I am extremely intrigued with the topic of a photographic memory. If I ever fulfill my dream of becoming a neurologist and studying the mind and brain of humans with special abilities, this is where I would do most of my work, if not all. I’m not entirely sure that the development of a photographic memory is possible or not, I’m leaning toward “no” and since your the doc, I’ll agree, for now. But answer this, why do the people with autism and no other mental disability seem to show amazing abilities in auditory and visual memory, except for that girl named Elizabeth that was completely normal but was able to mentally fuse two random-dot stereograms together, each shown a day apart, in one eye one day and the other eye the next day, and find the hidden picture? Kim Peek has what many consider to be a photographic memory, he can recall any page from any book he has ever read (over 9,000) instantly at will, and recalls every tune he’s ever heard, and was born with perfect pitch. My guess is he doesn’t ever read the books, he just “photographs” each paragraph and knows what’s on the page because he reads each page within 12 seconds. Another amazing savant with a truly photographic memory is Stephen Wiltshire. He draws everything he sees down to the smallest detail you can imagine. Now if these two (possibly three) people never developed a mind and a memory when they were just 1-3 years old like the rest of us normies, why can I not develop a photographic memory like them?
Hi Kyle,
it all boils down to brain architecture. The people you mention above are born with markedly different brains. The wiring is very different.

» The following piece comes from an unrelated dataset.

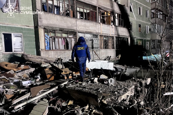 - Ночью 30 января российский беспилотник попал в многоэтажку в Сумах.

All brains are malleable to a certain degree, but the vast majority of us can not willfully change the underlying architecture to that extent.
Someday, however, I suspect there will be technological advances( i.e., neural chips) which will enable "photographic memories".
Ah, I see, thanks for the input.
I know that disciplined people have more alert minds that regular people, but do you think it can improve memory too?